─── DATA UNDER STUDY

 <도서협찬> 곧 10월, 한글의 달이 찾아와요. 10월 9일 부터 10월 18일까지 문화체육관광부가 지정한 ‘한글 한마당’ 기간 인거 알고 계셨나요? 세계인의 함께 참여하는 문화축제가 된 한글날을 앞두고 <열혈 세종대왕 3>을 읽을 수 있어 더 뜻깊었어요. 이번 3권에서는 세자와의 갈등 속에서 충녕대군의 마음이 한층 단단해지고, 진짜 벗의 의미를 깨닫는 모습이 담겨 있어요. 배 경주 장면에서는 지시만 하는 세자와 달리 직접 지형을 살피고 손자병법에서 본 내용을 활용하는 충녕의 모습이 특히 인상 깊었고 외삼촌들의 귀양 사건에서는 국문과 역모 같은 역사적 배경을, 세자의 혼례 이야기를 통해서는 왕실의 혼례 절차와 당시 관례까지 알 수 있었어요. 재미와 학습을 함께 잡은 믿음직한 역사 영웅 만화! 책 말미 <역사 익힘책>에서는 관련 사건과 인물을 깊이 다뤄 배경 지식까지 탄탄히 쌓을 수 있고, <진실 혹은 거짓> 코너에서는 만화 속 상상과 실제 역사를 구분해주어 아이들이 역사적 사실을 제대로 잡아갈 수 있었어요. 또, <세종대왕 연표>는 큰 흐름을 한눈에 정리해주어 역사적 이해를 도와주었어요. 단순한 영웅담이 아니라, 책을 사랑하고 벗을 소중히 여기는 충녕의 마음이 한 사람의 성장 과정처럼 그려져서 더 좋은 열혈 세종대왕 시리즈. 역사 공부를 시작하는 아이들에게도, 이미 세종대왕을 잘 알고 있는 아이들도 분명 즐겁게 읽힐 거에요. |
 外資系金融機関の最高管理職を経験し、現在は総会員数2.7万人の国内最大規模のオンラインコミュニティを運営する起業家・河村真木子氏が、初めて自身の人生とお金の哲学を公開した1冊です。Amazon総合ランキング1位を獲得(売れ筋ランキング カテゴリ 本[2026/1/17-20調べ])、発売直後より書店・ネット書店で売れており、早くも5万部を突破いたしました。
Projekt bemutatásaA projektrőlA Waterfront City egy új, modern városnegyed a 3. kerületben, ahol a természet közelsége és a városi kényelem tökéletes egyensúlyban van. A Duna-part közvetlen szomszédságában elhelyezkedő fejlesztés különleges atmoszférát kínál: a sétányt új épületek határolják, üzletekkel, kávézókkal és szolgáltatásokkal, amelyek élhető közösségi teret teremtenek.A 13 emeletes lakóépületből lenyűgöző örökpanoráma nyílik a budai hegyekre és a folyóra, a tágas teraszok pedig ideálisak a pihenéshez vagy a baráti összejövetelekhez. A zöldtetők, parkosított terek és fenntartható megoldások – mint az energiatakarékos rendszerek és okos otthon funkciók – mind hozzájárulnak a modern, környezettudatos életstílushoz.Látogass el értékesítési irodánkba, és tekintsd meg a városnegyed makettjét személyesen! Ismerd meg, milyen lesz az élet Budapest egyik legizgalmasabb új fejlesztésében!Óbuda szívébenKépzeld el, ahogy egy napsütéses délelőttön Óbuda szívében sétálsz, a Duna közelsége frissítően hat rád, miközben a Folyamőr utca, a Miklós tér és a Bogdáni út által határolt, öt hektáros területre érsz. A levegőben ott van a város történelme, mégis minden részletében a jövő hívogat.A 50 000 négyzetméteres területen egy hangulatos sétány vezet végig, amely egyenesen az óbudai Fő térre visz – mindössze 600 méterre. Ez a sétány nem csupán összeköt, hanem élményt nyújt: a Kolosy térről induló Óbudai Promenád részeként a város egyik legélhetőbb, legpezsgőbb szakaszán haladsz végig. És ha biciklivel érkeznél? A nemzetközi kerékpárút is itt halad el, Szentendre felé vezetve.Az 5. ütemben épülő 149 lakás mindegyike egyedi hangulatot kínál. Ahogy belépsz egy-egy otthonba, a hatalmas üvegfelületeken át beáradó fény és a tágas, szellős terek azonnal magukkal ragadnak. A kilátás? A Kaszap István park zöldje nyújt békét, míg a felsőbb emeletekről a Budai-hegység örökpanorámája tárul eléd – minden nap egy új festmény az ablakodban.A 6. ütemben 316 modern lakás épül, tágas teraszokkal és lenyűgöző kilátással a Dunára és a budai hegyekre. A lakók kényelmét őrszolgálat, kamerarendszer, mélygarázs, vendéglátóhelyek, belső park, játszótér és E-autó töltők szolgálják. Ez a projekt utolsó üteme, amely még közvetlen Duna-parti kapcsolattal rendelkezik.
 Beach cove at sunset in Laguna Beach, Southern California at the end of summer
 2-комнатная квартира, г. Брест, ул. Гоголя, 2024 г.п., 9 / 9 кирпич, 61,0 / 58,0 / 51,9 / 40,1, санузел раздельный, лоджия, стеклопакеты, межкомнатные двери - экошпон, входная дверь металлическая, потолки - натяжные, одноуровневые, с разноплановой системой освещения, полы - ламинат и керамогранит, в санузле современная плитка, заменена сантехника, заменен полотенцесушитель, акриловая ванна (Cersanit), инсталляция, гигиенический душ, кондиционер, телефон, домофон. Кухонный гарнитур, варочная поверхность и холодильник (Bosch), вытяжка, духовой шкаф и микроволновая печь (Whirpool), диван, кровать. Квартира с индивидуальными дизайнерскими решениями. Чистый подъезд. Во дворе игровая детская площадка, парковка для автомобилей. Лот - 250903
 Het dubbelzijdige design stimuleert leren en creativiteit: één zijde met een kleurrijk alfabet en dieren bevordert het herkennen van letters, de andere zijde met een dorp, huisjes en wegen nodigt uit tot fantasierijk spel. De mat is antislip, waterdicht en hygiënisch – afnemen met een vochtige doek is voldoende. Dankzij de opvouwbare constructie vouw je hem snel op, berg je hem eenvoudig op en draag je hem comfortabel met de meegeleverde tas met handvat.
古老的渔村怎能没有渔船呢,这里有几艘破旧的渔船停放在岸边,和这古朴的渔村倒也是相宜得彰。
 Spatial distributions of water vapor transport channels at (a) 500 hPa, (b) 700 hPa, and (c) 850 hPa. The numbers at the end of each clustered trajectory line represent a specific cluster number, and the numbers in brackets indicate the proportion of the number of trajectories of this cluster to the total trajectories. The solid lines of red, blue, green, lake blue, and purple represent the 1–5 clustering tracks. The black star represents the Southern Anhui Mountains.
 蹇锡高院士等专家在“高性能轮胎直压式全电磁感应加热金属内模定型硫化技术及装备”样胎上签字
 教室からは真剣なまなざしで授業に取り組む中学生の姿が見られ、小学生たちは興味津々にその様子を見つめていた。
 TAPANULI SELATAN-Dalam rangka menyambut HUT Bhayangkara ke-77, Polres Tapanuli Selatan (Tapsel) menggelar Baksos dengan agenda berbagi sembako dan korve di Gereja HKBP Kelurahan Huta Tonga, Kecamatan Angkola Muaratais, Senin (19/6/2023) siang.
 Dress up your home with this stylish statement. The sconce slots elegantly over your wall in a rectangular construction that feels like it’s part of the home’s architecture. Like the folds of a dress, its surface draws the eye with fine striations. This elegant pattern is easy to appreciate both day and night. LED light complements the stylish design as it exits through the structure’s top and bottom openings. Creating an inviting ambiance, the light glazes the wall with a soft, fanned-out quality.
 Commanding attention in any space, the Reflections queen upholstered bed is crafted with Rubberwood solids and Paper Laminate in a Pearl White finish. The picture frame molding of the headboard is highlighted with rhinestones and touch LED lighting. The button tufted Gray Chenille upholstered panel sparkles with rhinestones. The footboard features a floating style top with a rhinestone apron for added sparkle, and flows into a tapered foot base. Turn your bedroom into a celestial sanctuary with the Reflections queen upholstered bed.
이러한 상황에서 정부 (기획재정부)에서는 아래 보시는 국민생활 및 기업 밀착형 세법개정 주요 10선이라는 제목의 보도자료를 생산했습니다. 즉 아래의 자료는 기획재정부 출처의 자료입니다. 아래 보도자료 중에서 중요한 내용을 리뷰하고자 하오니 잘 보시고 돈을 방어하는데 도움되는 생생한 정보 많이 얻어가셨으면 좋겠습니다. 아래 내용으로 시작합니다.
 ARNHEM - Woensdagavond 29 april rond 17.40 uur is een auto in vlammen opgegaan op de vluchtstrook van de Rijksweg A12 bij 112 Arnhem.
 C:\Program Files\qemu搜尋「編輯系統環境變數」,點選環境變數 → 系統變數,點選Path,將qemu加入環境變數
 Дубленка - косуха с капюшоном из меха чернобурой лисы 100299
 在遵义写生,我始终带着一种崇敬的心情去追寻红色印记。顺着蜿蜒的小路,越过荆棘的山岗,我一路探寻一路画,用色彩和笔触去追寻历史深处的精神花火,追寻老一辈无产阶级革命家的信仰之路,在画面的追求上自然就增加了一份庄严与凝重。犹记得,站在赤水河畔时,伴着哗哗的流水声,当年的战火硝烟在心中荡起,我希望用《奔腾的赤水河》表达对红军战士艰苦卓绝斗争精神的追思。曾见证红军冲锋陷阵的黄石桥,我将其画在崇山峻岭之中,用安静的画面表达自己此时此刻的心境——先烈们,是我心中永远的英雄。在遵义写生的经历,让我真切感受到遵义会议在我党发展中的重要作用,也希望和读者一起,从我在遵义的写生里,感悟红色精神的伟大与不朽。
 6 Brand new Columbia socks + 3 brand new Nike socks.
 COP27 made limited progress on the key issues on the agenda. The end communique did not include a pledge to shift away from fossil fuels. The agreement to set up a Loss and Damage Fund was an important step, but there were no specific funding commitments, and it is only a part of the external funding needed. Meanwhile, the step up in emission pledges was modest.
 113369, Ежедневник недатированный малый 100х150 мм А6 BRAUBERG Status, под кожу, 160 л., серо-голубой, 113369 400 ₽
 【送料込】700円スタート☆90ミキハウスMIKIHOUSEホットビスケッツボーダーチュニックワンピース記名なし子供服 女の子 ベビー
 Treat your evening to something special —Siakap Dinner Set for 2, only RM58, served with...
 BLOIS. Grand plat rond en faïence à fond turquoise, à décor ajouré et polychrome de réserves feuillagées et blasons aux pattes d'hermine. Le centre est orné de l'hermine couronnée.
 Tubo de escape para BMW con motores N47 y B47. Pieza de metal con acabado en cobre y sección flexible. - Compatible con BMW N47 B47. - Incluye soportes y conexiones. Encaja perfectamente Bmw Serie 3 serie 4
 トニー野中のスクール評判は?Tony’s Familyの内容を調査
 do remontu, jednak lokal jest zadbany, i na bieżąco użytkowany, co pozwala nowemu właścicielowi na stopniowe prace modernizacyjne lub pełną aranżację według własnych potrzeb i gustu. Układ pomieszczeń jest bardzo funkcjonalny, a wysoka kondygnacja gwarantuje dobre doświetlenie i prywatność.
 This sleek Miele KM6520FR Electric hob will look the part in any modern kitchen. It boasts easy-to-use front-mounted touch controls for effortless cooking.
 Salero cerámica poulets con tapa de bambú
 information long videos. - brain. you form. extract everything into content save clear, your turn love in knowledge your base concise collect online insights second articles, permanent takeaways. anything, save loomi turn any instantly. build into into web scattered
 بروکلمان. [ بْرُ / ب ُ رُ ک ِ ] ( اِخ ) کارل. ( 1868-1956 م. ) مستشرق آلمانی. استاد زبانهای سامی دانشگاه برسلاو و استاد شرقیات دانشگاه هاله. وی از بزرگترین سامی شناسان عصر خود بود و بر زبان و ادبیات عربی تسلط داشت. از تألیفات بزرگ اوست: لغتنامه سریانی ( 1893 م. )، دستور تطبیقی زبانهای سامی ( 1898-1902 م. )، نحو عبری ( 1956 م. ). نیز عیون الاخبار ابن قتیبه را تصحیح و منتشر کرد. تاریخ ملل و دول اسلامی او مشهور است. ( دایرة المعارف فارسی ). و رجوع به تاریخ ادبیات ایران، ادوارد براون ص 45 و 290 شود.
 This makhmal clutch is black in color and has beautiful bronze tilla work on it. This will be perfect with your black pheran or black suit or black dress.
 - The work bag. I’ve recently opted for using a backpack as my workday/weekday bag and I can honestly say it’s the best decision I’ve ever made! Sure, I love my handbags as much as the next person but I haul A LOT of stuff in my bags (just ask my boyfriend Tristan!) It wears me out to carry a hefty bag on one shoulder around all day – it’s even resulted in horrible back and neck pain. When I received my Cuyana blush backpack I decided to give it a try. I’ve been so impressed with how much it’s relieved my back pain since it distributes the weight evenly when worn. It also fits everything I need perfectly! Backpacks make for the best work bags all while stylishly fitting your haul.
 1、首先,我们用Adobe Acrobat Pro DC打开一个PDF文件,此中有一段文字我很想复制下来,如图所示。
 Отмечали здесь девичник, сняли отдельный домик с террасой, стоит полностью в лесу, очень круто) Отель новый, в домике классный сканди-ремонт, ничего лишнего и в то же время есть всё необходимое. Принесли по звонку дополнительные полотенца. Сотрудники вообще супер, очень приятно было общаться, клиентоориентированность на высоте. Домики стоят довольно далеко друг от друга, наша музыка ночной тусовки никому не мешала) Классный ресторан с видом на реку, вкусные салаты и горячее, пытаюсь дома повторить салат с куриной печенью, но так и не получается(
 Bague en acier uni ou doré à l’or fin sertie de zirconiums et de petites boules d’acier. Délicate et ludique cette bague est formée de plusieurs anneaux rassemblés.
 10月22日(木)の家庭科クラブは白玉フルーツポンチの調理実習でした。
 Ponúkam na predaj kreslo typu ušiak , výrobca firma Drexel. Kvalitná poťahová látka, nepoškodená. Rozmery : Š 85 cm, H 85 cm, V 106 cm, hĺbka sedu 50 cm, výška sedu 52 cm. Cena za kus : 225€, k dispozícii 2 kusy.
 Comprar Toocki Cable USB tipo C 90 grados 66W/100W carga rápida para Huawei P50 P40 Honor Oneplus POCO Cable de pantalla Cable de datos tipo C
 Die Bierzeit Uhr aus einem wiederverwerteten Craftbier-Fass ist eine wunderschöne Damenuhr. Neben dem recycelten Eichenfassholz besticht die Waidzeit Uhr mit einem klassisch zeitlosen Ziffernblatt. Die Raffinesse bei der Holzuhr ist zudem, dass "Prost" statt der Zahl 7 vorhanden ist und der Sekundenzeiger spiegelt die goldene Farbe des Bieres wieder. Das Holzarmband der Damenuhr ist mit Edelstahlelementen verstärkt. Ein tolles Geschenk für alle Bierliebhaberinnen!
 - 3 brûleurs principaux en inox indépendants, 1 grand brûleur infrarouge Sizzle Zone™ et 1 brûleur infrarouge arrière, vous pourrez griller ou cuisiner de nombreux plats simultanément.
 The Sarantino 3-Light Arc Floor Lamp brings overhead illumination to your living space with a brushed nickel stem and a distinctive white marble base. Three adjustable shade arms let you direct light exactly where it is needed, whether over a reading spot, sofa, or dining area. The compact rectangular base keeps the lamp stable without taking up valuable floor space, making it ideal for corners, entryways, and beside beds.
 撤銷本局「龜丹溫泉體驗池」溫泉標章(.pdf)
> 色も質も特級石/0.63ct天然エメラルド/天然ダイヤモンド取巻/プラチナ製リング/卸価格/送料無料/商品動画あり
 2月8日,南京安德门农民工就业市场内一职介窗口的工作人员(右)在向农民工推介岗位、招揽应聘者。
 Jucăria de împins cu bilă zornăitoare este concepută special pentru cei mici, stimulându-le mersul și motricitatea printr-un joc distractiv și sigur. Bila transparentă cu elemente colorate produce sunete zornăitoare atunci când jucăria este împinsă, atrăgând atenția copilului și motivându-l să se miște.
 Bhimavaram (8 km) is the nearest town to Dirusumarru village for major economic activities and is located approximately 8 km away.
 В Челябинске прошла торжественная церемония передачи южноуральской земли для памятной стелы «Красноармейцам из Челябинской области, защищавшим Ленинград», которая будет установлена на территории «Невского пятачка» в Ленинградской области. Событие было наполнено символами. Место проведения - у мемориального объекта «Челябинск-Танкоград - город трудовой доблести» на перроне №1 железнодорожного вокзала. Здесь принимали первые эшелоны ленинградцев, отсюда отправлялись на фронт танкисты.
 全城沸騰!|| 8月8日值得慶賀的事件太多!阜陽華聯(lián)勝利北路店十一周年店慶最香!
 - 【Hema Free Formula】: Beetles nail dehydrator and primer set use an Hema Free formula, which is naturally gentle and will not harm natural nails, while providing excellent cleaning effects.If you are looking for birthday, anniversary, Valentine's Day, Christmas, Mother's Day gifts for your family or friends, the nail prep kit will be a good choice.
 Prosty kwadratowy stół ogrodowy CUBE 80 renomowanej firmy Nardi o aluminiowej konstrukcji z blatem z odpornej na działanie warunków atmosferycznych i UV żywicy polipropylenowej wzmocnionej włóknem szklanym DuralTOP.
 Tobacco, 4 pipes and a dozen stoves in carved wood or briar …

──────

** WHAT THIS TASK INVOLVES **
Look above for the line containing "بروکلمان. [ بْرُ" and the line containing "This makhmal clutch". Transcribe both, with the lines between them, exactly.

** SOLUTION **
 بروکلمان. [ بْرُ / ب ُ رُ ک ِ ] ( اِخ ) کارل. ( 1868-1956 م. ) مستشرق آلمانی. استاد زبانهای سامی دانشگاه برسلاو و استاد شرقیات دانشگاه هاله. وی از بزرگترین سامی شناسان عصر خود بود و بر زبان و ادبیات عربی تسلط داشت. از تألیفات بزرگ اوست: لغتنامه سریانی ( 1893 م. )، دستور تطبیقی زبانهای سامی ( 1898-1902 م. )، نحو عبری ( 1956 م. ). نیز عیون الاخبار ابن قتیبه را تصحیح و منتشر کرد. تاریخ ملل و دول اسلامی او مشهور است. ( دایرة المعارف فارسی ). و رجوع به تاریخ ادبیات ایران، ادوارد براون ص 45 و 290 شود.
 This makhmal clutch is black in color and has beautiful bronze tilla work on it. This will be perfect with your black pheran or black suit or black dress.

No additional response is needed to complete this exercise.